In the headers of the request include:

  • Content-type: "application/scim+json"

Obtain a ticket

The request just sent will return a 401 response. Parse the header www-authenticate, it will look like:

{ "ticket": ..., "as_uri": ..., "realm": ... }

grab the ticket

Generate a JWT

Create a JWT with payload like:

{
      "iss": config.clientId,
      "sub": config.clientId,
      "aud": config.tokenEndpoint,
      "jti": generate a unique identifier (eg. an UUID),
      "exp": now / 1000 + 30,
      "iat": now
}

(now means the current time expressed as milliseconds elapsed after UNIX epoch)

For its header use:

{
  "typ": "JWT",
  "alg": config.keyAlg,
  "kid": config.keyId
}

Then sign the JWT using config.privateKey, use for algorithm config.keyAlg

Request a token

Send a POST to config.tokenEndpoint with header Content-type: "application/x-www-form-urlencoded", and params:

grant_type = "urn:ietf:params:oauth:grant-type:uma-ticket"
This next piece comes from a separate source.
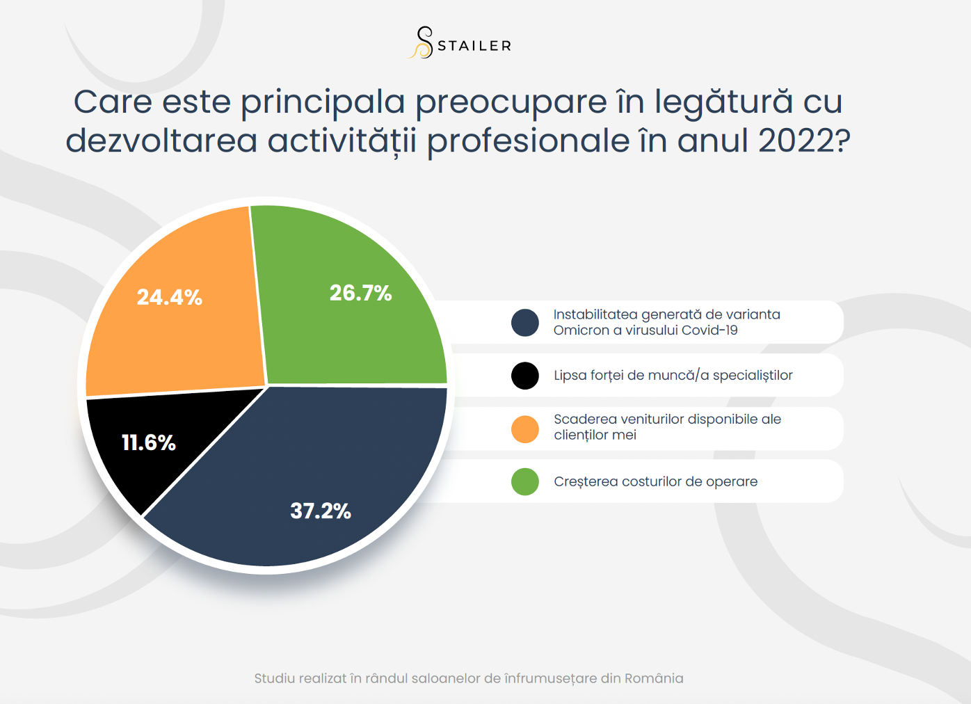 Instabilitatea generată de varianta Omicron a virusului Covid-19 este principala preocupare în legătură cu dezvoltarea activității saloanelor de înfrumusețare (37,2%), fiind urmată de presiunea creșterii costurilor de operare și scăderea veniturilor disponibile ale clienților, care reprezintă o problemă prioritară pentru 26,7%, respectiv 24,4% dintre saloane de înfrumusețare. Lipsa forței de muncă și a specialiștilor reprezintă o preocupare principală pentru 11,6% dintre respondenții studiului realizat de Stailer.

scope = "uma_authorization"

client_assertion_type = "urn:ietf:params:oauth:client-assertion-type:jwt-bearer"

client_assertion = signed JWT previously generated

client_id = config.clientId

ticket = ticket (previously received)

As reponse, JSON data will be returned like:

{ "access_token" : "sadfas-1334-2341-blah", "pct" : "..." }

grab access_token and pct

Re-send request

Send the original request again, this time setting headers:

  • Authorization = Bearer access_token (eg. Authorization: Bearer sadfas-1334-2341-blah )
  • pct (eg. pct: value)

The response must be OK (200) with the actual SCIM output, like:

{
     "schemas":["urn:ietf:params:scim:schemas:core:2.0:User"],
     "id":"...",
     "meta":{
       "resourceType":"User",
       "created":...,
       "lastModified":...,
       ...
     },
     ...
   }

Send more requests

Continue sending SCIM requests as in the previous step. Since the access token has an expiration (1 hour or so), at some point, 401 will be received once more, in this case, start again at this point.